Equally perturbing—nay, alarming—he couldn’t seem to lift his hand from his leather purse. His fingers stuck fast as if spelled, the image of the little silver-cast leg dancing before his mind’s eye, its significance perplexing him.
Abandoning his resolution to ignore MacFie, he slanted a sidelong glance at the bastard. “A question,” he began, his voice scratchy from the threads of smoke wafting out of the pend’s archway and seeming deliberately to curl past his nose.
“Aye?” Gavin returned, his voice smooth as a fresh spring morn.
As casually as he could, Iain voiced his concern. “The ex-voto the postulant dropped… such offerings represent a body part in need of healing, do they not?”
Gavin eyed him strangely, but inclined his head. “So it is believed. Or else whate’er part of the body received a healing, in which case they are tokens of appreciation to the miracle-spending saint.”
“Can you think of any other use for such votives?” Iain pressed, his fool hand still affixed to his purse.
“Not in holy places,” came Gavin’s swift reply.
Iain nodded agreement. He couldn’t think of any other use either… not wholesome ones anyway.
He swiped at his smoke-stung eyes again, blew out an exasperated breath.
No matter how he turned it, neither of the most logical possibilities fit the lass. Naught on her indicated a troublesome leg. Far from it, the quick glimpse he’d caught of her trim ankles and lower calves as she’d hitched up her skirts to sprint away, bespoke legs of the shapeliest sort.
Lithe, well formed, and bonnie enough to haunt his waking dreams for days.
And make his nights pure torture.
Especially when he wondered if the nest of curls at the juncture of such succulent limbs would prove the same coppery-gold as the single lock of glossy, curling hair he’d seen tumble from beneath her head veil in the Cathedral.
At once, Iain’s mouth went bone-dry, a fusillade of lascivious images bombarding him.
Could her lower hair possibly gleam as bright as that one bouncing curl?
Or carry a scent as sweet as the light, heathery one that had teased his senses when she’d sped past him?
Would those curls be lush and plentiful? Soft and damp beneath a man’s questing fingers?

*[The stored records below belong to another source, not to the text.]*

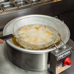 Tacho Fritador Elétrico 7 Litros TFSL Croydon. Ideal para lanchonetes, padarias, restaurantes, bares, food trucks e similares. Indicado para frituras em geral como pastéis, batatas, salgadinhos, acarajé e similares, com crocância e economia. Estrutura robusta com gabinete em aço inox, cuba em alumínio de chapa grossa e cesta de arame estanhado. Termostato regulável e lâmpada piloto indicadora. CAPACIDADE DE ÓLEO: 7L. PRODUÇÃO MÁXIMA: 24kg/h. POTÊNCIA: 3000W. CORRENTE: 13,6A. CONSUMO: 1,5kWh. PESO: 7,0kg. DIMENSÕES(CxAxL): 62x22x49cm. Tacho Fritador Elétrico 7 Litros TFSL Croydon é na Atau.
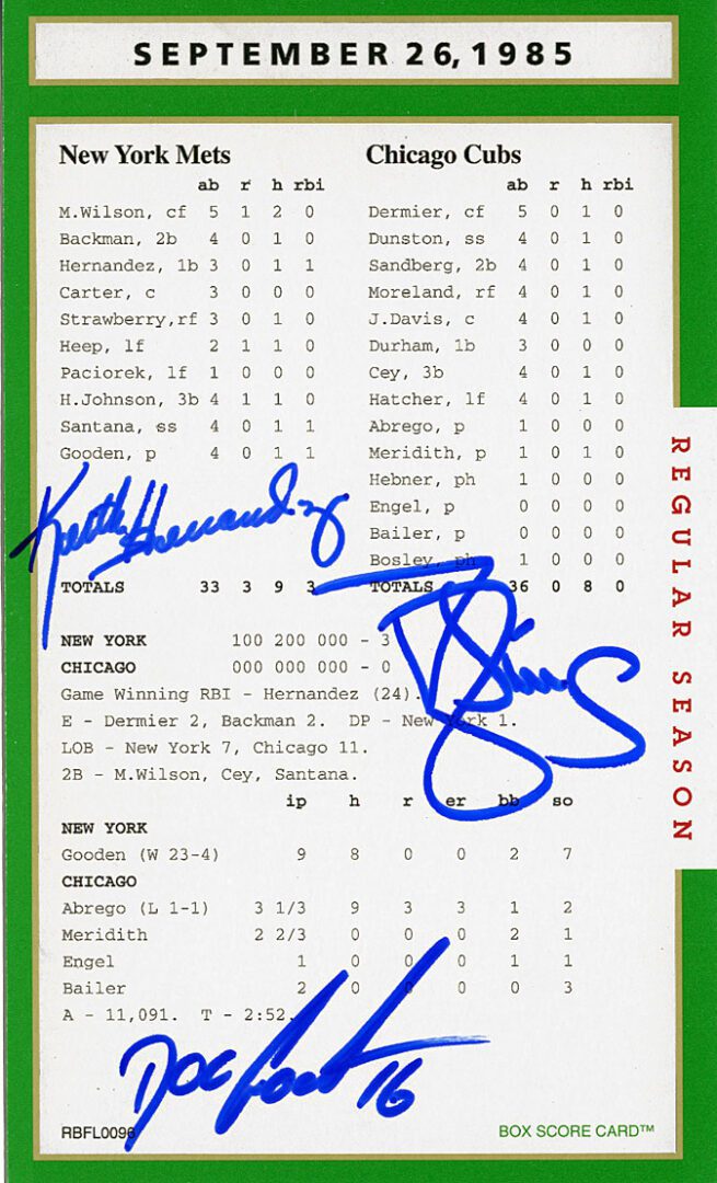 Interesting game because Keith Hernandez set the MLB record for GWRBI’s, (Game Winning RBI) and the next season MLB stopped keeping the stat. Some people content that this stat was costing owner’s money during contract negotiations. In addition to Hernandez’s autograph is Dwight Gooden and Darryl Strawberry’s. Gooden would win the Cy Young year (1985) and Gooden (1984) and Strawberry (1983) were bot NL Rookie of the Year!
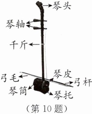 10. 传统文化 二胡 (2024·济南槐荫区二模)二胡是中国古老的民族拉弦乐器之一,演奏家发现,二胡的"千斤"钩在琴弦长的黄金分割点处("千斤"上面一截琴弦比下面一截琴弦短),奏出来的音调最和谐悦耳.如图,一把二胡的琴弦长为80 cm,求"千斤"下面一截琴弦长(结果保留根号).
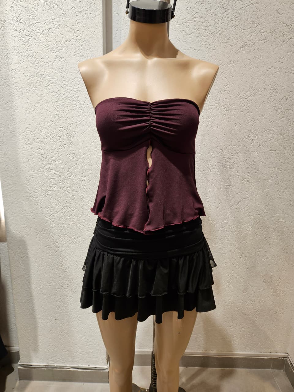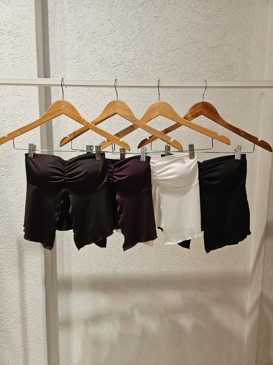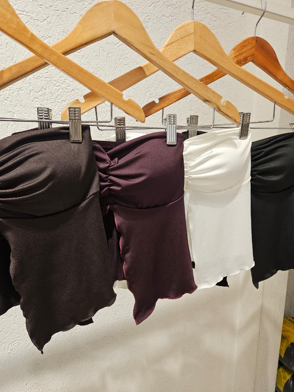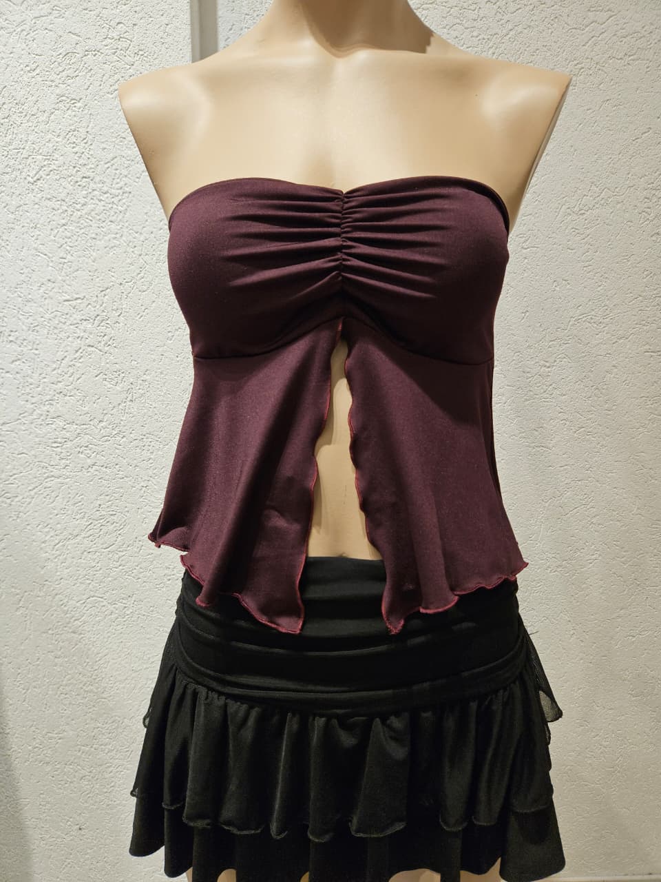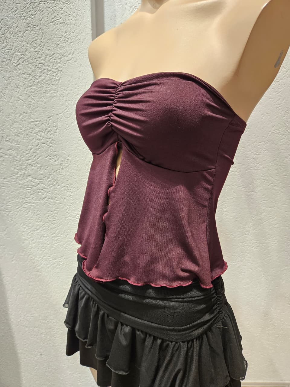 Top Strapless con copas, frunce en el escote
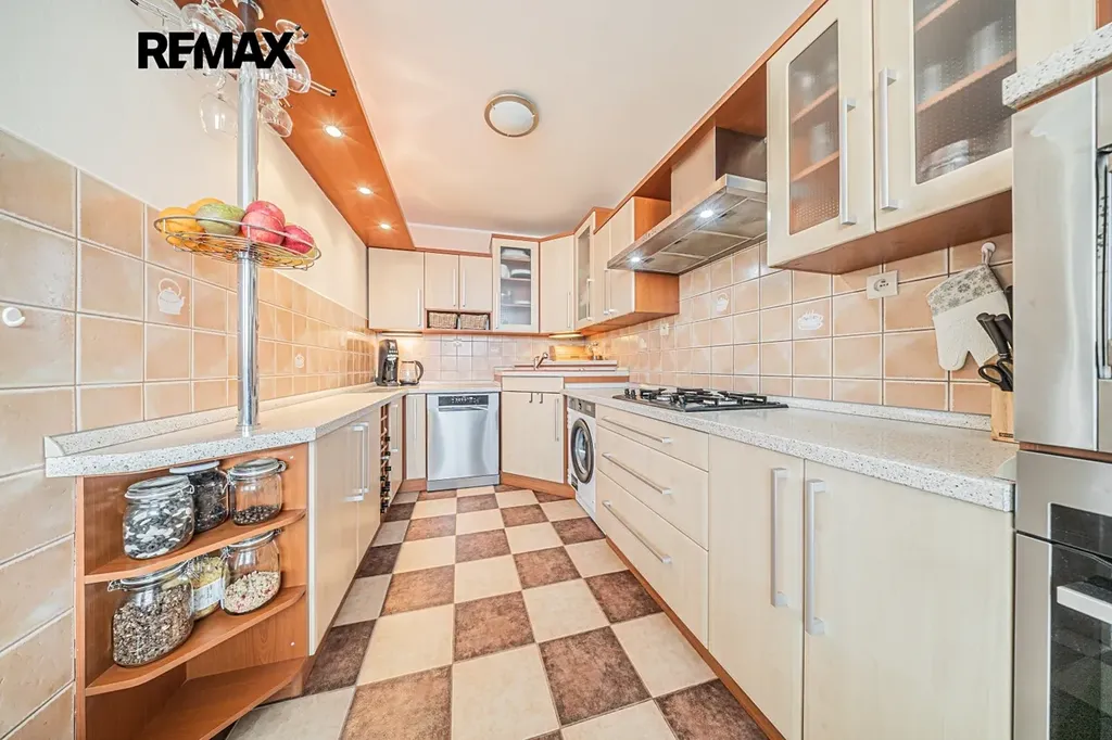 Dispozice bytu: prostorná vstupní chodba, dětský pokoj, pokoj, hlavní koupelna s vanou spojená s WC, spíž, obývací pokoj se vstupem na lodžii s posuvným zasklením, kuchyň, ložnice, druhá koupelna se sprchovým koutem a druhé samostatné WC.
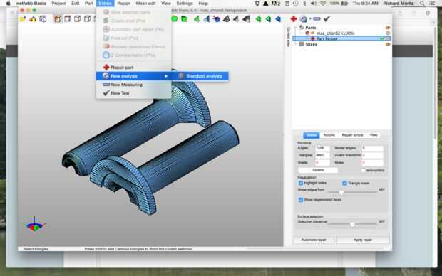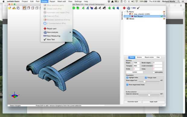 Situado bajo el icono de "Reparación" en la pestaña de "Extras" es un icono con la etiqueta "Nuevo análisis" haga clic sobre este para revisar el modelo recién reparado. A la derecha de la pantalla aparecerá un informe de análisis que indica, entre otras cosas, el número de agujeros y el tiempo en que la superficie es cerrada.
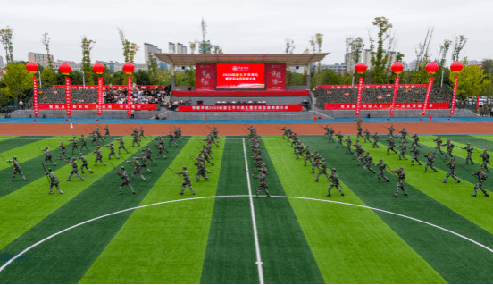 常德学院临时党委负责人、董事长欧成宣布军训成果展示正式开始。各军训方阵军容严整、步伐铿锵、口号嘹亮,充分展示了2025级新生昂扬向上的精神风貌和军训期间的训练成果。

His fingers—Iain thrust away the thought before it could expand into even more treacherous musings. His misery complete, he yanked his hand from the leather pouch with sheer brute force.
But any relief at winning that small victory proved short-lived when the still-receding lump on his forehead began throbbing with renewed vengeance… and in nettlesome rhythm with the continued pulsing in a much more bothersome part of his body.
The mood of the smelly, shabbily clad masses altered subtly as well, shifting to an affable, almost celebratory air.
Iain slanted another glance at Gavin, then loudly cleared his throat when the other failed to notice him.
“Did you not say St. Thenew’s Well was a less-frequented shrine?” He lifted his voice, the whole of his perturbation, every head-splitting throb at his temples coloring his tone. “It would seem she is a larger draw than her son, God rest his sacred bones.”
Gavin shrugged. “Some would deem it heartening for a little-known saint to attract such a crowd.”
“The pious mayhap, which I am not,” Iain snapped, nonetheless praying for the pain in his head to subside, and most especially for the itch in his groin to cease and leave him be. “Nor do I see a shred of piety walking amongst this mob of cutthroats.”
A shadow crossed the MacFie’s open face, his renowned patience clearly cracking. “The most are holy men and cure seekers. Have a look about—”
“The holy men and cure seekers I see appear anything but devout.” Iain rose in his stirrups, made a great sweeping gesture with his arm. “Burghers on their way to a market fair, is how they look,” he said, his gaze lighting on a tall stone cross by the roadside, its age-pitted face carved with Celtic symbols.
The scores of MacFie’s pious hurried past the ancient way marker without a single reverent glance.
Iain looked back at Gavin, the explanation for the crush apparent.
“Off to partake of some form of jolly entertainment, they are,” he said, quite certain of it. “Hair-shirted humblies hoping for a saint’s merciful intervention in their woes? Nay, nay, and another nay.”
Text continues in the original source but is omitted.